Forum Moderators: Robert Charlton & goodroi
For some sites, there are legitimate reasons to duplicate content across different websites — for instance, to migrate to a new domain name using a web server that cannot create server-side redirects. To help with issues that arise on such sites, we're announcing our support of the cross-domain rel="canonical" link element.
But if a 301 redirect is impossible for some reason, then a rel="canonical" may work for you.While the rel="canonical" link element is seen as a hint and not an absolute directive, we do try to follow it where possible.
There's a companion post, from October 06, 2009, about reunifying duplicate content within your website [googlewebmastercentral.blogspot.com], which Mueller recommends reading first.
In both posts, he emphasizes that, in lieu of a 301, the rel="canonical" link is better than blocking the page....
One item which is missing from this list is disallowing crawling of duplicate content with your robots.txt file. We now recommend not blocking access to duplicate content on your website, whether with a robots.txt file or other methods.

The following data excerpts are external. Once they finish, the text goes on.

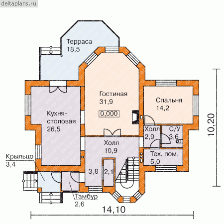 Проект одноэтажного коттеджа "Твистер" из газобетона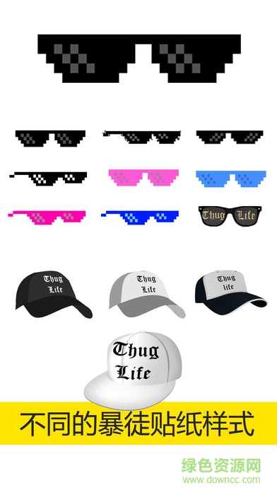 5.大量的精选Thug Life贴纸,包括墨镜,项链,香烟,文字,帽子等等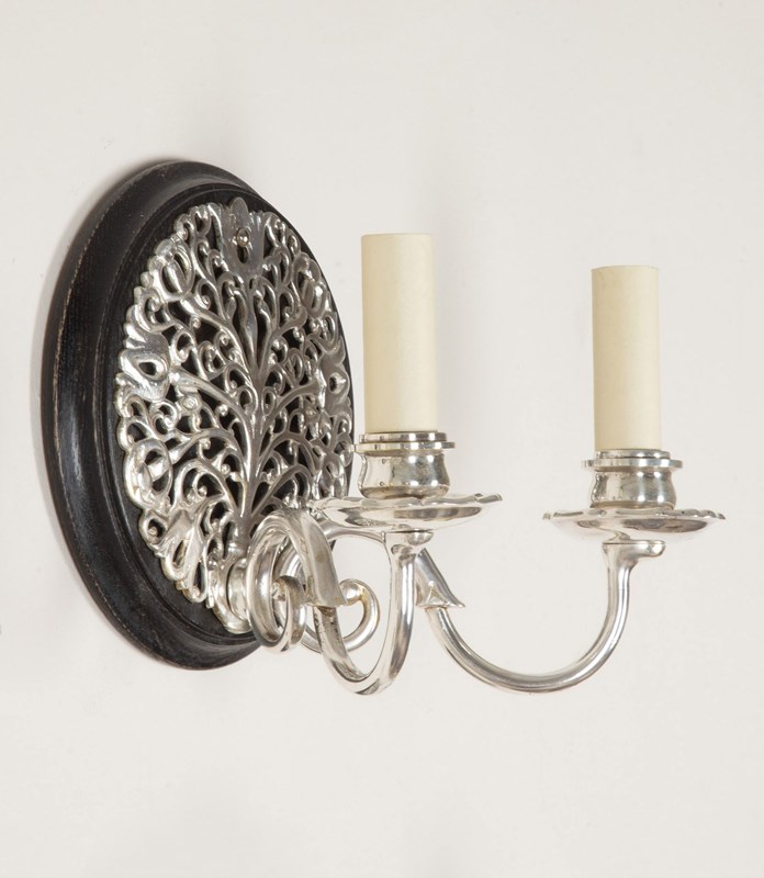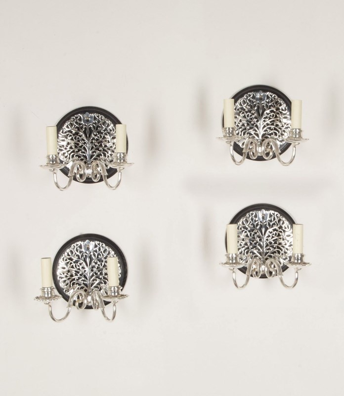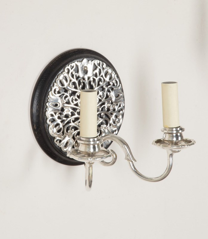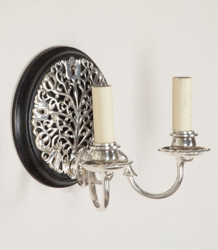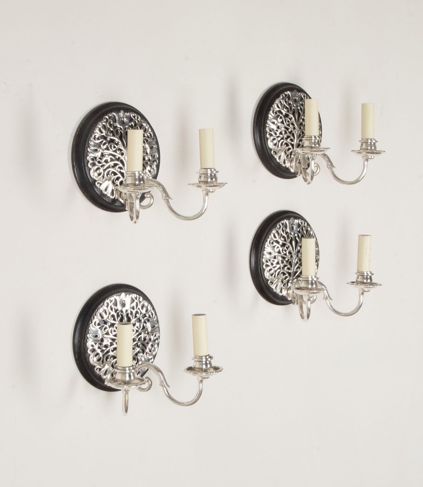 Lovely set of four early 20th Century English Arts & Crafts wall sconces on ebonised oak backplates. Pierced foliage design. In the style of Earnest Gimson and the Cotswold School. A matching chandelier is also available. Un-laquered silver plate on cast brass. Fully rewired and PAT tested to UK standards.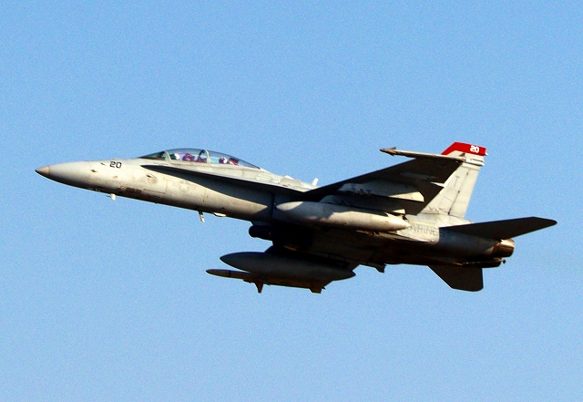 米海兵隊 F/A-18D ホーネット 戦闘攻撃機(岩国基地)、WT 20番機が離陸 |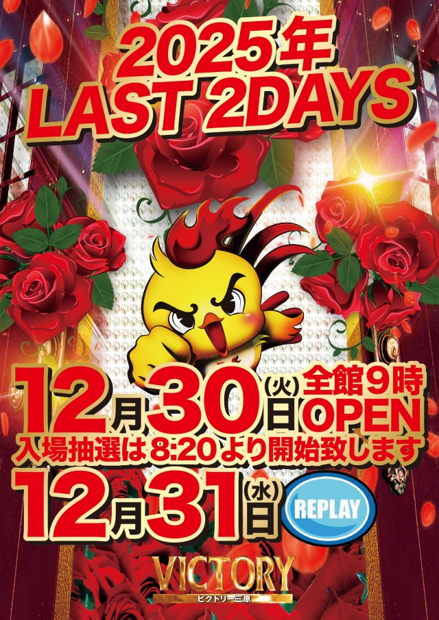 【超重要】12月30日ビクトリー三原全館9時開店‼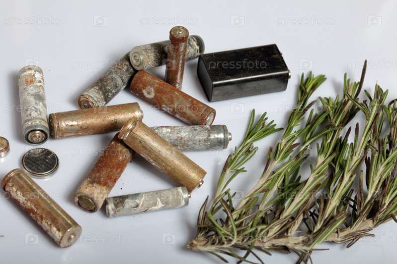 Использованные батарейки и ветка зелени. Утилизация отработанных аккумуляторов. Защита окружающей среды. День Земли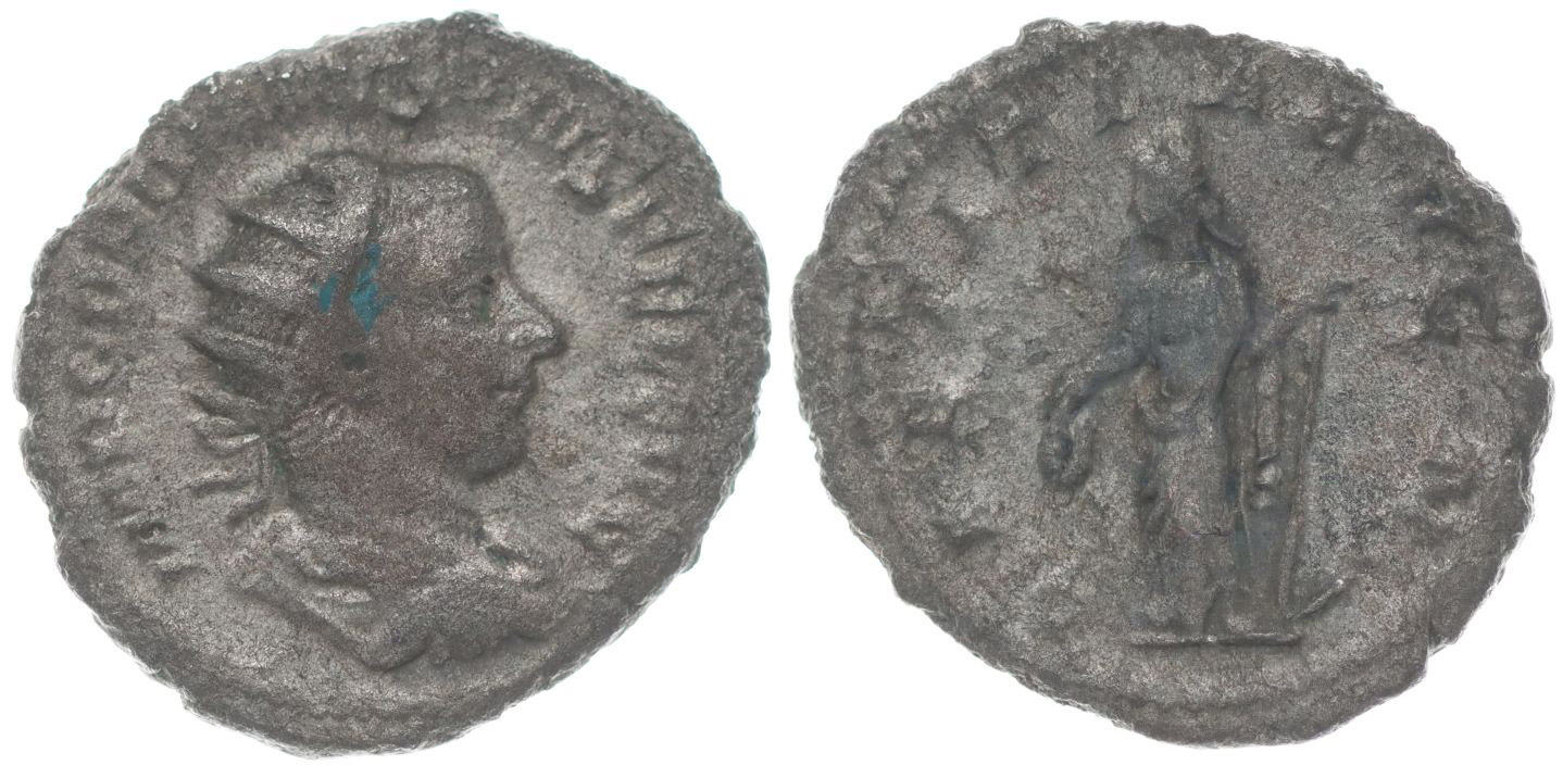 AR Antoninianus, Rv:"LAETITIA.AVG.N.", stojící Laetitia zleva Kamp.72.19, S.2338, C.121, RIC.86

Read fine print carefully with regard to which blocking methods you shouldn't use, depending on which kind of duplication you're fixing, as blocking the page will conflict with the rel="canonical" link element.
One thing we do know, the canonical redirect must point to a URL with "substantially similar" content in order to kick in. That eliminates a bunch of potential trouble.
more reason not to allow HTML in user-generated content
the canonical redirect must point to a URL with "substantially similar" content
Keep in mind that we treat rel="canonical" as a hint...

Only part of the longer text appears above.